Ciò che invece colpisce è la fluidità delle alleanze tra blocchi sociali e la natura degli scambi con le parti sociali. De Luca attacca anche i commercianti stanziali, è vero. Ma prima li libera della concorrenza esercitata dagli ambulanti. Ossia da quella stessa componente sottoproletaria ed estesa (com’è prevedibile in una città in cui il 30 per cento della popolazione guadagna meno di diecimila euro annui) che l’anno precedente era stata fondamentale per la sua elezione. Il Sindaco, dunque, con una mano leva e con l’altra dà. E in questo levare ad alcuni per dare ad altri c’è tanto il travaso quanto l’acquisizione di nuovo consenso (De Luca, infatti, era inizialmente un affare per ceti popolari e non per borghesi).
Ma non si dovrebbe pensare che la persecuzione sistematica degli ambulanti esaurisca meccanicamente la simpatia di questi ultimi verso De Luca. Come se fosse un De Soto, anziché un De Luca, il sindaco li costringe a regolarizzarsi. E regolarizzandoli li divide, facendo emergere avversione verso quella componente che resiste, magari in ragione dell’impossibilità materiale a farlo. Nel perseguitare, insomma, De Luca sa anche generare l’illusione di una promozione.

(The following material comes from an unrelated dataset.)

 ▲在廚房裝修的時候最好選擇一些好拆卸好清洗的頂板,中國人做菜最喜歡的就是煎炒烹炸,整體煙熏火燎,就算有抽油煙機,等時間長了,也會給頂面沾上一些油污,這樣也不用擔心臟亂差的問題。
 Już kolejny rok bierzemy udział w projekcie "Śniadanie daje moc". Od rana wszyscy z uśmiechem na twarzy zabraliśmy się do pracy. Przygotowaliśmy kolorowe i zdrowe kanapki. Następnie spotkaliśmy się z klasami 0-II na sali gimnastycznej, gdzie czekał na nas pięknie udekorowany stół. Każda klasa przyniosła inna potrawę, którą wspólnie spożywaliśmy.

Vi è un carattere reichiano in questa vicenda che si svolge nella periferia del Paese. Tracce, cioè, di un rapporto politico basato sul carisma, la forza, l’assoggettamento felice e, persino, la libido. Qualcosa che la stessa pagina Facebook del sindaco – simile a una Radio Maria caratterizzata da una serie infinite di odi, amen e «sei grande» in coda a ogni post – denota. Senza dimenticare, naturalmente, la propensione «pastorale». La stessa confermata nell’atto di un padre nostro recitato da decine di sostenitori e guidato dallo stesso sindaco dalla finestra dell’abitazione in cui, agli albori dell’avventura messinese, si era ritrovato arrestato al termine di un’indagine per reati di evasione fiscale.

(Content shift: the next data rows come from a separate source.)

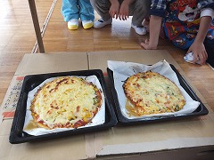 喜んで食べていました。「おいしかったね!」「また、ピザパーティする?」
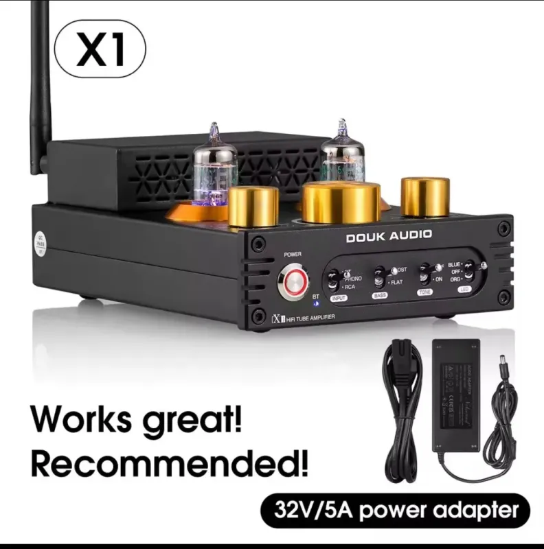Douk Audio X1 tube power amplifier is the fully upgraded version in all aspects, using JAN5725 vacuum tubes to improve the sound quality, TDA7498E amp IC that can max output 160W+160W to drive all home speakers, integrating the function of phono preamp and amplifier to support MM phono turntables input, and adding a low frequency output that can connect an active subwoofer to build 2.1 channel audio system.
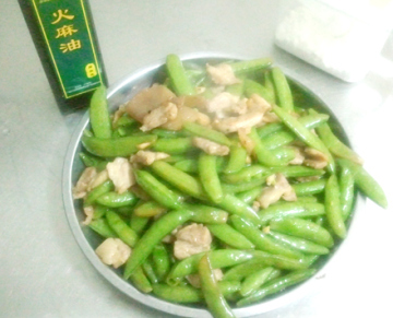 第二种:炒菜菜谱大荚荷兰豆炒肉--用火麻油炒菜做法
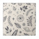 Elegant celestial botanical pattern ceramic tile featuring moons, stars, planets, mystical eyes, and delicate leafy branches in a minimal black and cream style. Ideal for astrology lovers, spiritual seekers, nature enthusiasts, and anyone who loves boho celestial aesthetics.
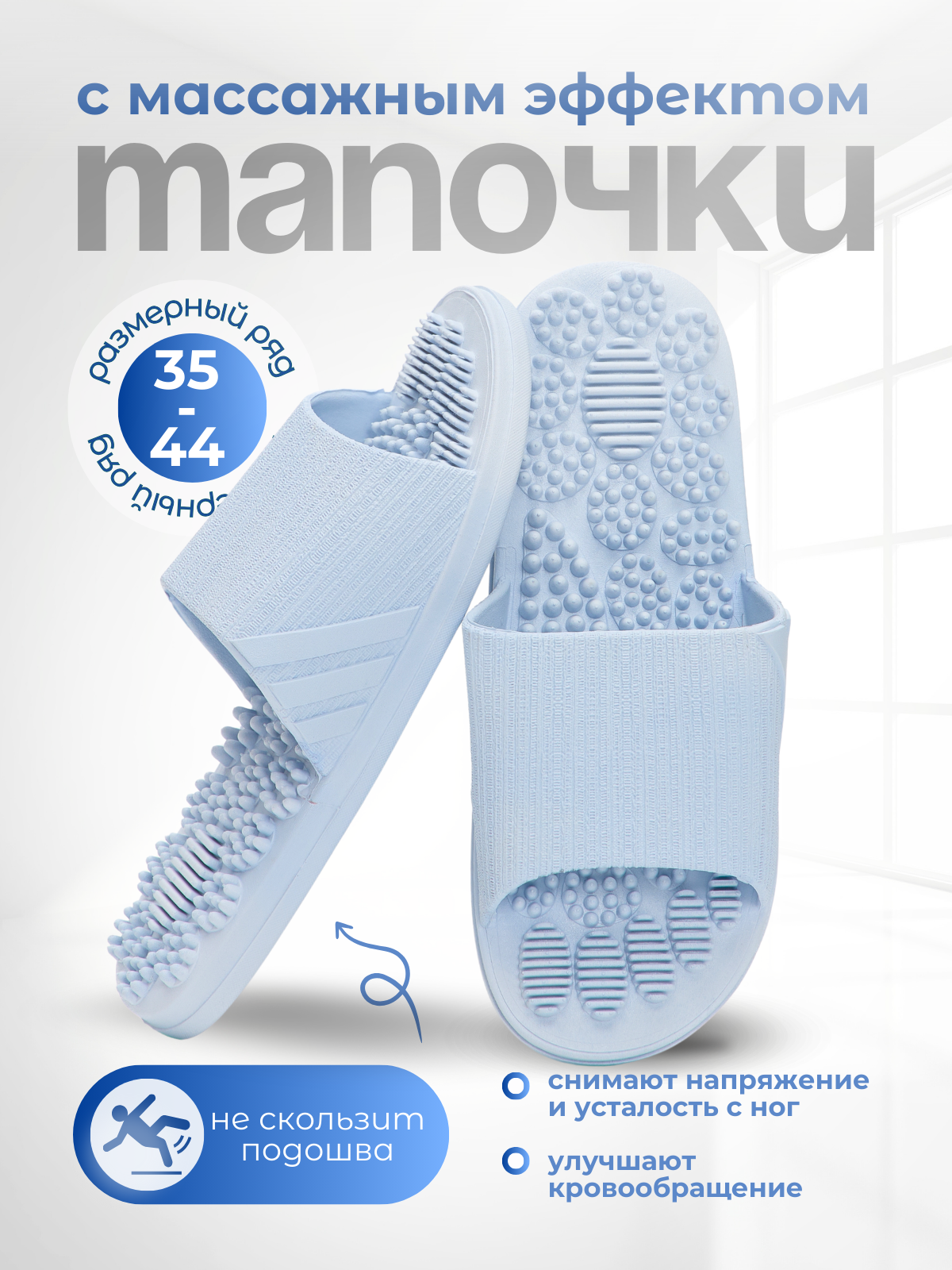 10 цен на Массажные тапочки акупунктурные Карта Стопы, шиацу, светло-голубые, 38-39
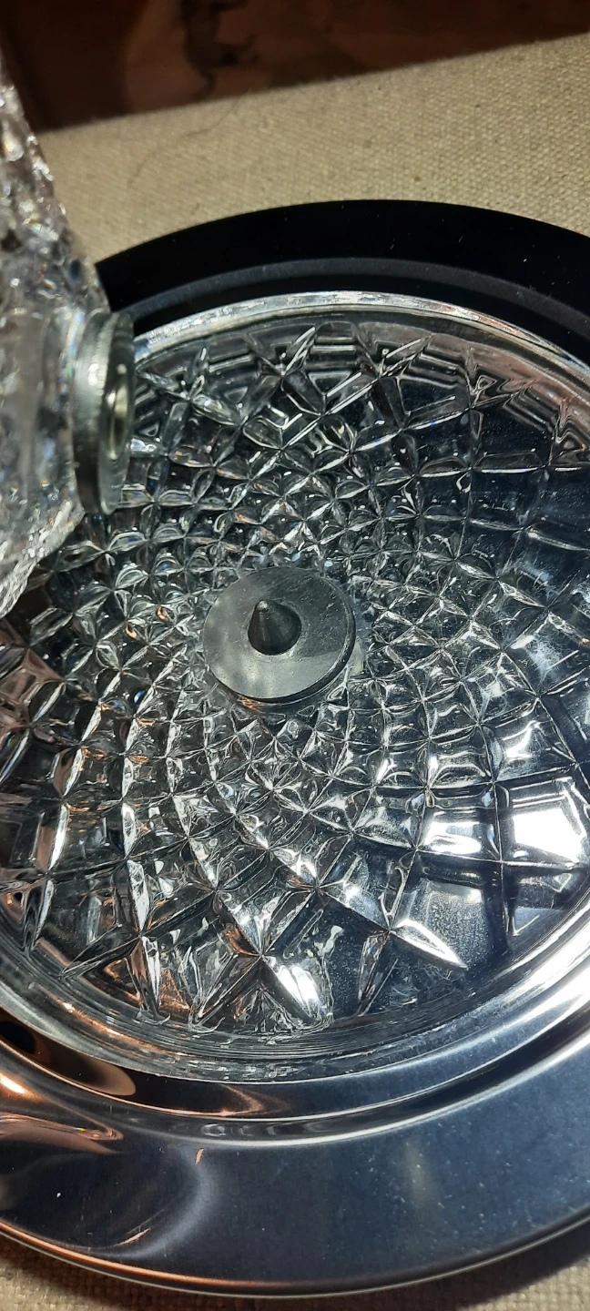 Selling a crystal rotary decanter with a silver base. It's in great condition and ready to use for your favourite beverages! The design allows for easy pouring and aeration. The base is a shiny silver colour and complements the crystal beautifully.

Quel che questa vicenda postmoderna suggerisce, insomma, è che nelle analisi non dovremmo mai perdere di vista il rapporto tra sovrastruttura e struttura, tra materialità e psicologia individuale e collettiva. Cercando di chiarirci meglio, si è già detto che personaggi e vicende come quelle del suddetto vadano letti incrociando i livelli generali e locali. Ugualmente non si dovrebbe leggere la loro evoluzione con ottiche unicamente materiali o culturaliste. Piuttosto è solo l’impiego congiunto di queste dimensioni che rende intelligibili tali fenomeni.
*Pietro Saitta è ricercatore in Sociologia generale presso l’Università di Messina. È autore di numerosi saggi dedicati alla questione urbana e a Messina. Tra i suoi lavori recenti: The Endless Reconstruction (con D. Farinella, Palgrave Macmillan) e Prende le case (Ombre Corte).